Глядя на разные споры, разгоревшиеся в последнее время, вспомнила поучительный эпизод из истории белой эмиграции. 

Как известно, во время ВМВ эмиграция раскололась: одни поддержали СССР, другие Германию, третьи предпочли отсидеться в стороне. Каждая из этих трех больших позиций тоже разделялась внутри себя; везде встречались и радикальные сценарии уровня "сотрудничать с советской разведкой" / "работать переводчиком в Вермахте" / "уехать в Австралию". 

Но вот война закончилась, и первая группа – поддержавшие СССР – оказались перед проблемой: а во что теперь эту поддержку трансформировать? 
Деникин, например, говорил, что желание военной победы СССР это одно, а примирение с большевистским правительством – совсем другое ("защита России + борьба с большевизмом," да)

Но далеко не все рассуждали как Деникин. Весной 1945 в Париже группа видных эмигрантов пришла на прием в советское посольство. Это был обычный прием, с фуршетом и тостами, – но он вызвал невероятное негодование, почти историку среди эмигрантов по всему миру. 

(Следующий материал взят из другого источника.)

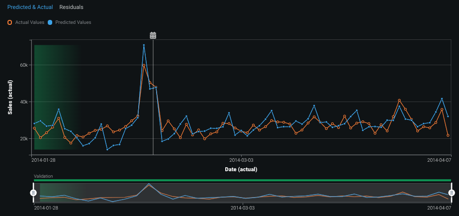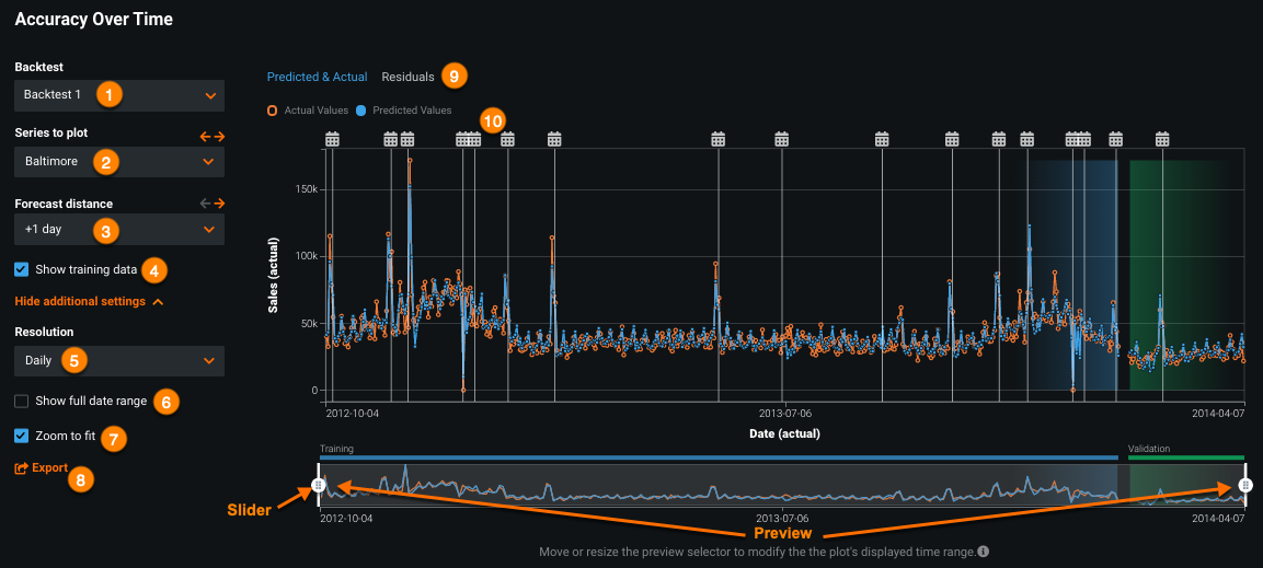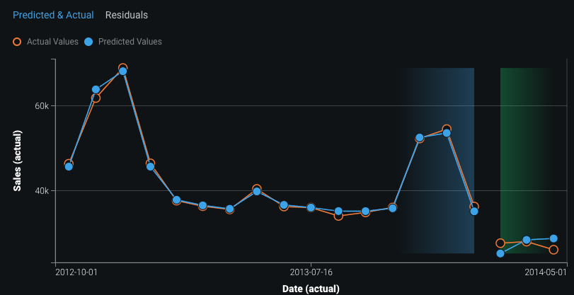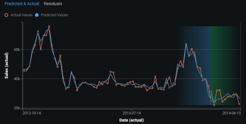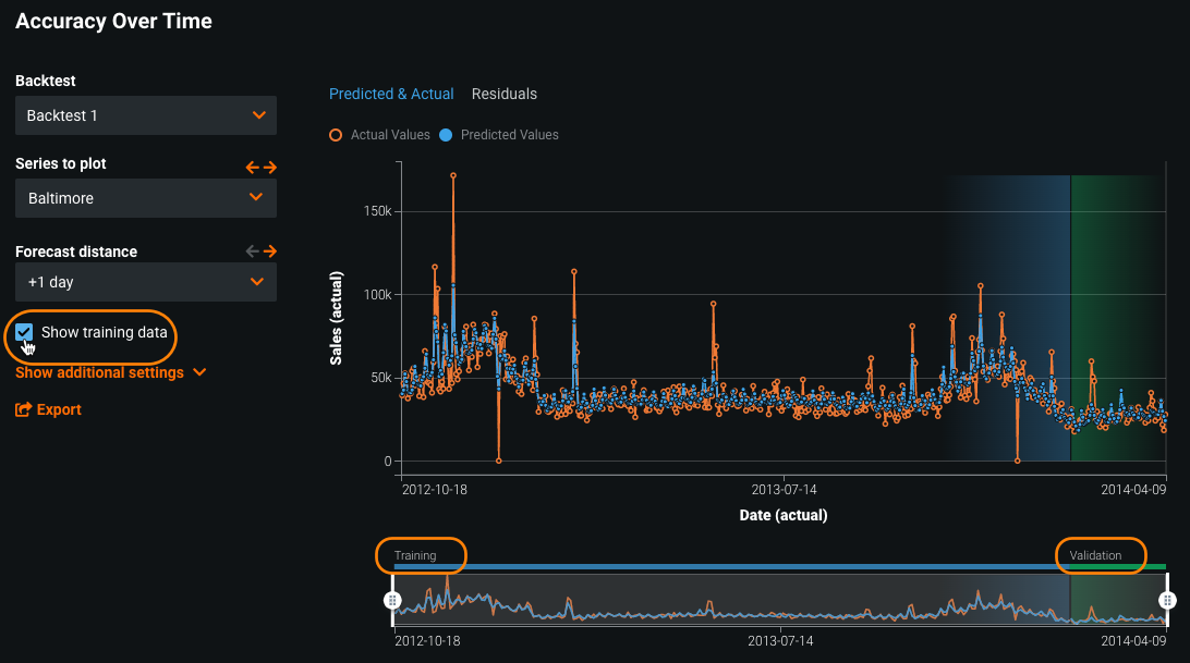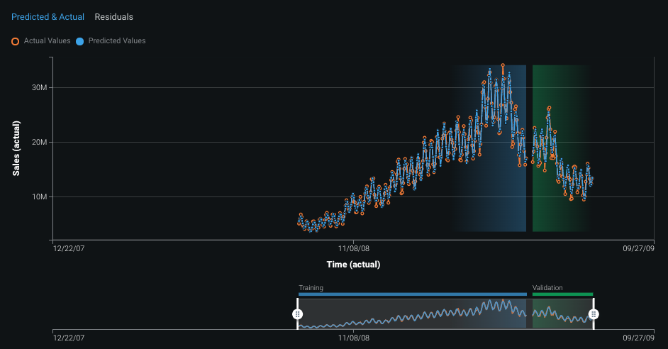 The Predicted & Actual Over Time chart represents the actual values by open orange circles. Predicted values based on the validation set are represented by blue solid circles, which corresponds to the blue in the backtest representation. You can additionally compute and include predictions on the training data for each backtest. The bar below the chart indicates the division between training and validation data.

(Набоков, например, написал открытое письмо, где ругался последними словами).

Откуда такая реакция? Во-первых, сам по себе визит лидеров эмиграции в советское посольство выглядел как акт признания большевистского правительства. 

Во-вторых, важно было, кто именно явился на прием – а среди них был сам Василий Маклаков. Маклаков! "Присяжный защитник" эмиграции, тот, кто с 1920 г. боролся за интересы эмигрантов, отстаивал их перед разными правительствами и международным сообществом, занимался документами, визами, деньгами, школами. 
(Напомните мне написать про деньги эмиграции, это очень интересная тема). 

До революции Маклаков работал адвокатом, и, например, успешно отбил обвиняемого по знаменитому антисемитскому "делу Бейлиса". 

И вот такой человек, общепризнанный авторитет с безупречной репутаций – и на завтраке "а ля фуршет" в советском посольстве. 

Другие лидеры эмиграции – в частности, писатель Марк Алданов – потребовали у Маклакова объяснений. Тот сослался на довольно понятные весной 1945 эмоциональные соображения: что тем, кто не пережил оккупацию лично, тяжело понять, откуда выросла симпатия к СССР, что те, кто "не переживал с нами поведения наших русских германофилов, холопства перед Гитлером и Германией, антисемитских воплей, которых мы в старой России не слыхивали", чрезмерно увлеклись радикализмом, и что СССР изменился во время войны и будет меняться дальше. 

Однако прошло еще несколько месяцев, и Маклаков публично свое мнение изменил. 
Во-первых, стало известно, как арестовывают и сажают белоэмигратов, оказавшихся в руках Красной армии. Во-вторых, стало понятно, что сталинский режим и не думает смягчаться, а, наоборот, после войны спешно закручивает гайки.

Увидев все это, Маклаков выступил и обозначил, наконец, в чем проблема. Явившись в советское посольство, эмиграция показала, что готова к компромиссу – впервые с 1920 года. Что она готова примириться с новой реальностью, если советское правительство сумеет измениться и уступить, хотя бы в базовых и очевидных после ВМВ вещах (Маклаков в первую очередь пишет о соблюдении прав человека).

Однако теперь стало понятно, что советское правительство готово только к одному формату отношений: к безоговорочной капитуляции. Когда эмиграция придет, примет советский режим целиком и полностью, откажется от всех своих принципов – тогда их милостиво наделят советскими паспортами. 

И вот компромисс для Маклакова был приемлем, а капитуляция – нет.

После этого заявления советское правительство резко к Маклакову охладело, а в эмигрантском сообществе инцидент посчитали исчерпанным.

К чему я это? К тому, что переговоры между далекими друг от друга сторонами часто идут по линиям "компромисс или капитуляция", и всегда полезно понимать, чего же именно от вас ждут.